Data entries

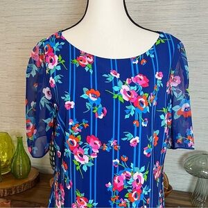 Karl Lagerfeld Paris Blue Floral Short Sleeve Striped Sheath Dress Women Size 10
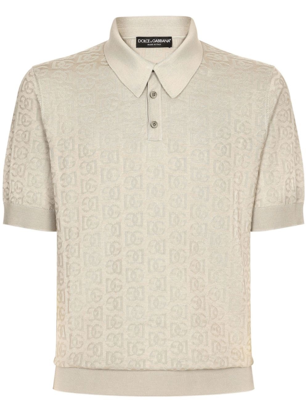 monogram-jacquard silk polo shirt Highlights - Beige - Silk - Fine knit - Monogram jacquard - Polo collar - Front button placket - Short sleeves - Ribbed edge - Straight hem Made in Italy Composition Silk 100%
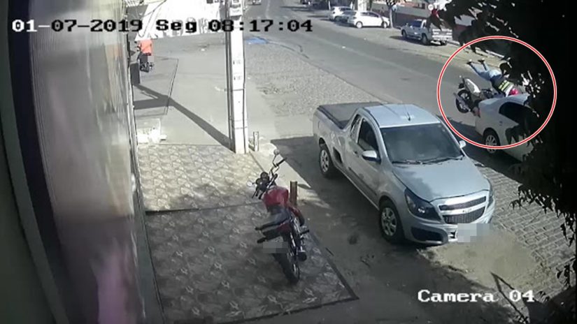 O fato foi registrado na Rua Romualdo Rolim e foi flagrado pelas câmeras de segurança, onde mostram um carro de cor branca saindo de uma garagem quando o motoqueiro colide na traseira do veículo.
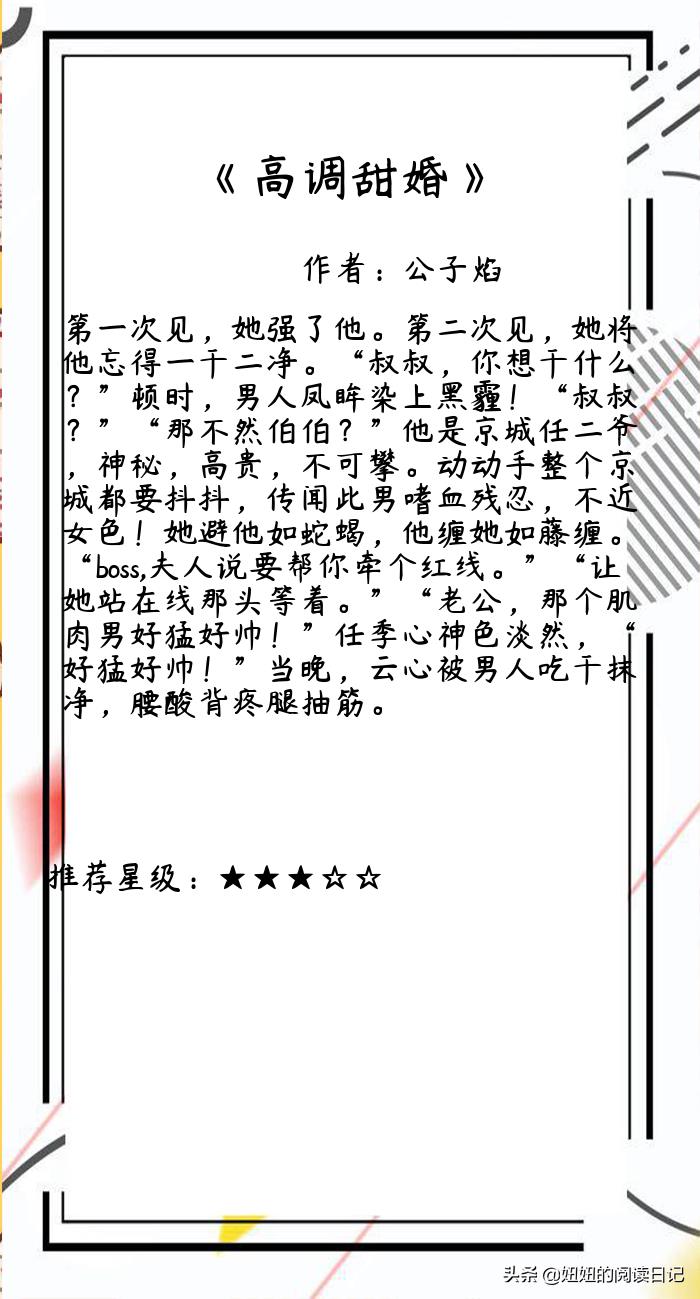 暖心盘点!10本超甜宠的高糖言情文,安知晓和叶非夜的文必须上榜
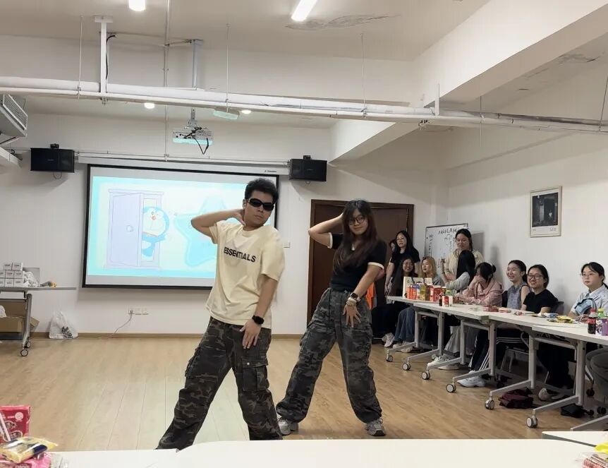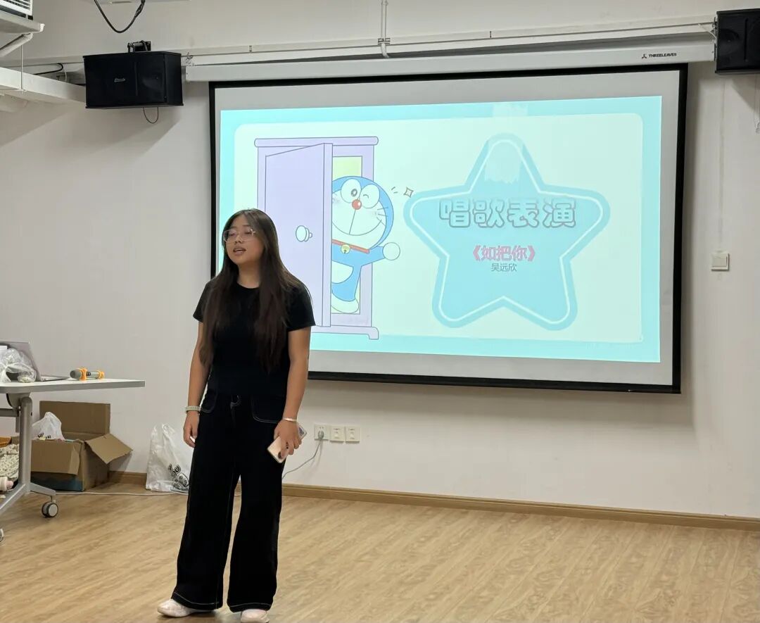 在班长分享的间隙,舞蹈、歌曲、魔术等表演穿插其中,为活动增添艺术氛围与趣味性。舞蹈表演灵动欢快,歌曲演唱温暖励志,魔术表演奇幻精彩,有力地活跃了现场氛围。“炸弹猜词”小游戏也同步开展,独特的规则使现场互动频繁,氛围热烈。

INSTRUCTIONS TO FOLLOW
Pictures are to be left out; repeat all the remaining data exactly.

SOLUTION TO THIS EXERCISE
 Karl Lagerfeld Paris Blue Floral Short Sleeve Striped Sheath Dress Women Size 10
 monogram-jacquard silk polo shirt Highlights - Beige - Silk - Fine knit - Monogram jacquard - Polo collar - Front button placket - Short sleeves - Ribbed edge - Straight hem Made in Italy Composition Silk 100%
 O fato foi registrado na Rua Romualdo Rolim e foi flagrado pelas câmeras de segurança, onde mostram um carro de cor branca saindo de uma garagem quando o motoqueiro colide na traseira do veículo.
 暖心盘点!10本超甜宠的高糖言情文,安知晓和叶非夜的文必须上榜
 在班长分享的间隙,舞蹈、歌曲、魔术等表演穿插其中,为活动增添艺术氛围与趣味性。舞蹈表演灵动欢快,歌曲演唱温暖励志,魔术表演奇幻精彩,有力地活跃了现场氛围。“炸弹猜词”小游戏也同步开展,独特的规则使现场互动频繁,氛围热烈。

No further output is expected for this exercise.